[Data to examine]:
○ ○ ○ ○ ○

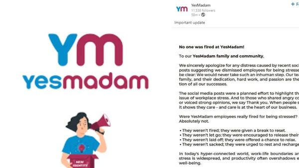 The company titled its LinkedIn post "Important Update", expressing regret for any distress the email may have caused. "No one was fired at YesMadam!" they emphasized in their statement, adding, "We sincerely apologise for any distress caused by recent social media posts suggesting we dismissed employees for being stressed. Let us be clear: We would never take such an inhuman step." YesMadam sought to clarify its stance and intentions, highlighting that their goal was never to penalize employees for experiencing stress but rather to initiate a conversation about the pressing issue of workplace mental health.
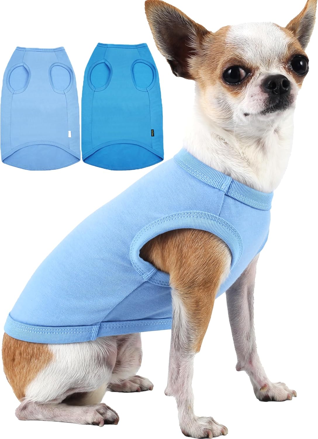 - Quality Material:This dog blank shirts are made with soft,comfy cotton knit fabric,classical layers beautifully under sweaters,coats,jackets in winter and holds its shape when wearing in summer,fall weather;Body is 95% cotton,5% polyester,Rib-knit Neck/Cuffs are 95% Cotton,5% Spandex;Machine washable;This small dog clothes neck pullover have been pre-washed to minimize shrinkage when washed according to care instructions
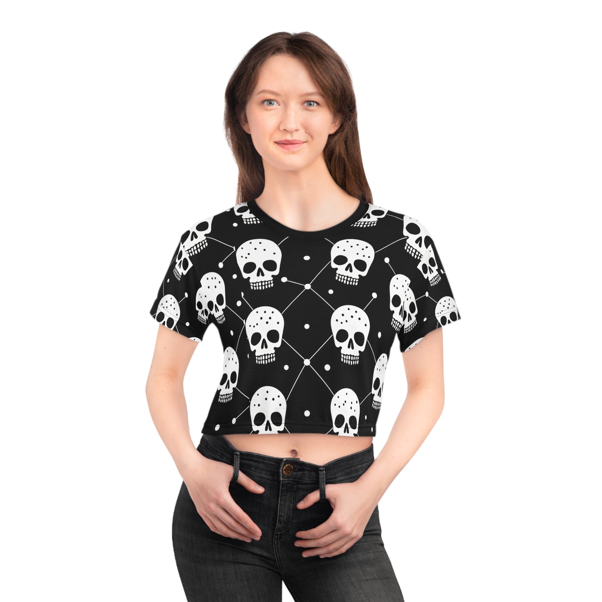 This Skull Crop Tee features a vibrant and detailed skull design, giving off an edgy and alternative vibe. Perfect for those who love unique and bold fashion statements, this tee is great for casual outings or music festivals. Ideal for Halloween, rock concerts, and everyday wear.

○ ○ ○ ○ ○

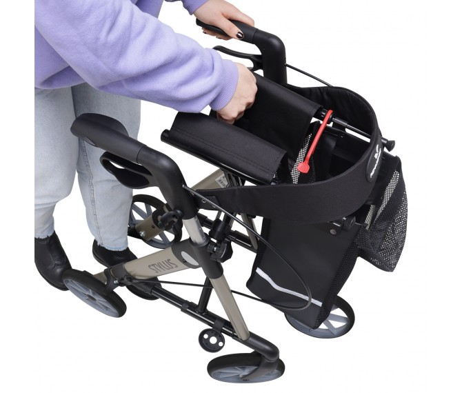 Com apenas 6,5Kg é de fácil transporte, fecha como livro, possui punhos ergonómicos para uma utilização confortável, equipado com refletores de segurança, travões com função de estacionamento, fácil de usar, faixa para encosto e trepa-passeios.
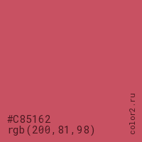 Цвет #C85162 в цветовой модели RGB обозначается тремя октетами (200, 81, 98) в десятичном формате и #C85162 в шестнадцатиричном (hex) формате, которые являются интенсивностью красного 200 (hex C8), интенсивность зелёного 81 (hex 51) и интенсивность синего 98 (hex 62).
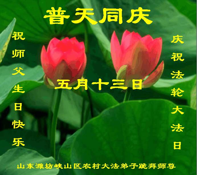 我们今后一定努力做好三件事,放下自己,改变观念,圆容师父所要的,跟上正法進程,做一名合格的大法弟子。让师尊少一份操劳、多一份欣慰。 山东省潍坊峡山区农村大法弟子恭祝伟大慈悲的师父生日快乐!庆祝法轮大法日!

○ ○ ○ ○ ○

Within the entries above, give again exactly the lines starting at the one that contains "The company titled" and ending at the one that contains "This Skull Crop", leaving out the pictures.

 The company titled its LinkedIn post "Important Update", expressing regret for any distress the email may have caused. "No one was fired at YesMadam!" they emphasized in their statement, adding, "We sincerely apologise for any distress caused by recent social media posts suggesting we dismissed employees for being stressed. Let us be clear: We would never take such an inhuman step." YesMadam sought to clarify its stance and intentions, highlighting that their goal was never to penalize employees for experiencing stress but rather to initiate a conversation about the pressing issue of workplace mental health.
 - Quality Material:This dog blank shirts are made with soft,comfy cotton knit fabric,classical layers beautifully under sweaters,coats,jackets in winter and holds its shape when wearing in summer,fall weather;Body is 95% cotton,5% polyester,Rib-knit Neck/Cuffs are 95% Cotton,5% Spandex;Machine washable;This small dog clothes neck pullover have been pre-washed to minimize shrinkage when washed according to care instructions
 This Skull Crop Tee features a vibrant and detailed skull design, giving off an edgy and alternative vibe. Perfect for those who love unique and bold fashion statements, this tee is great for casual outings or music festivals. Ideal for Halloween, rock concerts, and everyday wear.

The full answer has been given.